TL;DR:

  • The UK government has launched the Sovereign AI Unit, a £500 million vehicle designed to invest directly in British AI startups and reduce dependence on US hyperscalers — structured to operate at venture-capital speed rather than as a traditional public body.
  • Infrastructure-orchestration startup Callosum is the first equity ticket; six others — Prima Mente, Cosine, Cursive, Doubleword, Twig Bio and Odyssey — receive AI Research Resource supercomputer access of up to one million GPU hours each.
  • Chancellor Rachel Reeves has named a thriving domestic AI sector as one of three central economic priorities, positioning the Unit as industrial policy rather than grant-making.

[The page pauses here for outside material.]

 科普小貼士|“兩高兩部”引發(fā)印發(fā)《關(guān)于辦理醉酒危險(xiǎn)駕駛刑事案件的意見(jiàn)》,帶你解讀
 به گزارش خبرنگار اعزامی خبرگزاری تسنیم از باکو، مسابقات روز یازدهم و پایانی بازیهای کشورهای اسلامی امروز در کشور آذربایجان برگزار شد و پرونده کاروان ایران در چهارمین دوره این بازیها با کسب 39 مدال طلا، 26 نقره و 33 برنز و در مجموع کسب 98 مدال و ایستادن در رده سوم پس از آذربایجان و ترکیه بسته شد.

Technology Secretary Liz Kendall has announced the Sovereign AI Unit, a £500 million vehicle that invests directly in UK-based AI startups and, in the government’s framing, operates at the speed of a venture fund. The announcement was made at the London headquarters of Cambridge-origin self-driving firm Wayve, and positions the unit as one of the most concrete UK industrial-policy moves on AI to date.

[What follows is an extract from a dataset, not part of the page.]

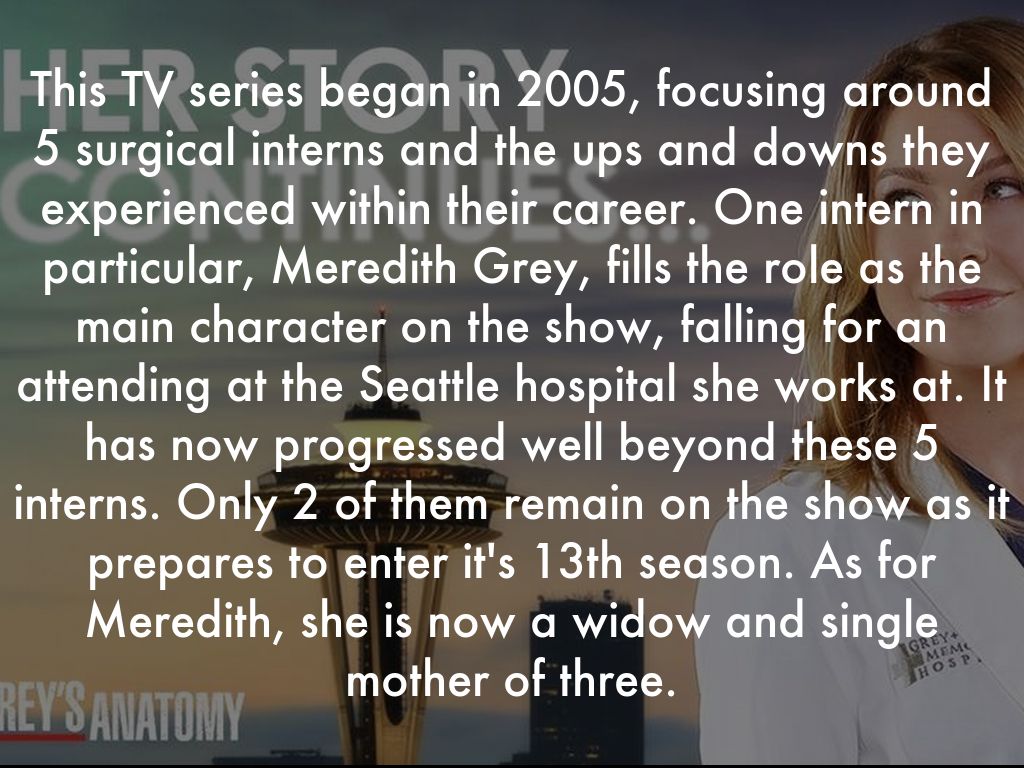 This TV series began in 2005, focusing around 5 surgical interns and the ups and downs they experienced within their career. One intern in particular, Meredith Grey, fills the role as the main character on the show, falling for an attending at the Seattle hospital she works at. It has now progressed well beyond these 5 interns. Only 2 of them remain on the show as it prepares to enter it's 13th season. As for Meredith, she is now a widow and single mother of three.

What the £500 million actually buys

The first equity investment goes to Callosum, an AI infrastructure startup founded by Danyal Akarca that builds orchestration platforms allowing AI models and chips to work together across heterogeneous compute. Six further startups — Prima Mente, Cosine, Cursive, Doubleword, Twig Bio and Odyssey — receive access to the UK’s AI Research Resource supercomputer network, with up to one million GPU hours available per company. Backed startups also get same-day visa decisions, up to ten cost-free visas for international research talent, and government support navigating data access, procurement and regulation.

Sovereign AI Unit chair James Wise said Britain has a “rare combination” of talent, capital and infrastructure that makes it a natural home for AI leadership. Chancellor Rachel Reeves has identified a thriving domestic AI sector as one of her three central economic priorities.

The sovereignty framing

“Sovereign AI” in the UK context has come to mean something specific: reducing dependence on US-owned AI compute and model layers, not just supporting national champions. The same sovereignty thread runs through this week’s BT–Nscale 14MW data-centre announcement with AI minister Kanishka Narayan and through the Bank of England’s continued push for domestic data-residency in financial-services AI. Expect the Sovereign AI Unit to be judged on whether it can back infrastructure-layer startups fast enough to compete with US pre-emption — Callosum’s orchestration thesis is exactly the sort of capability that could otherwise be acquired by a US hyperscaler before it matures.

Looking forward

The Unit is in discussions with roughly 30 additional firms over supercomputing access, and plans a UK cities tour in May. Two near-term tests: whether the Unit can deploy at venture speed without the procurement-process drag that has slowed previous UK industrial schemes, and whether the first cohort is joined by a balance between AI application-layer startups and deeper infrastructure-layer ones. The sector-balance signal will be visible within 90 days.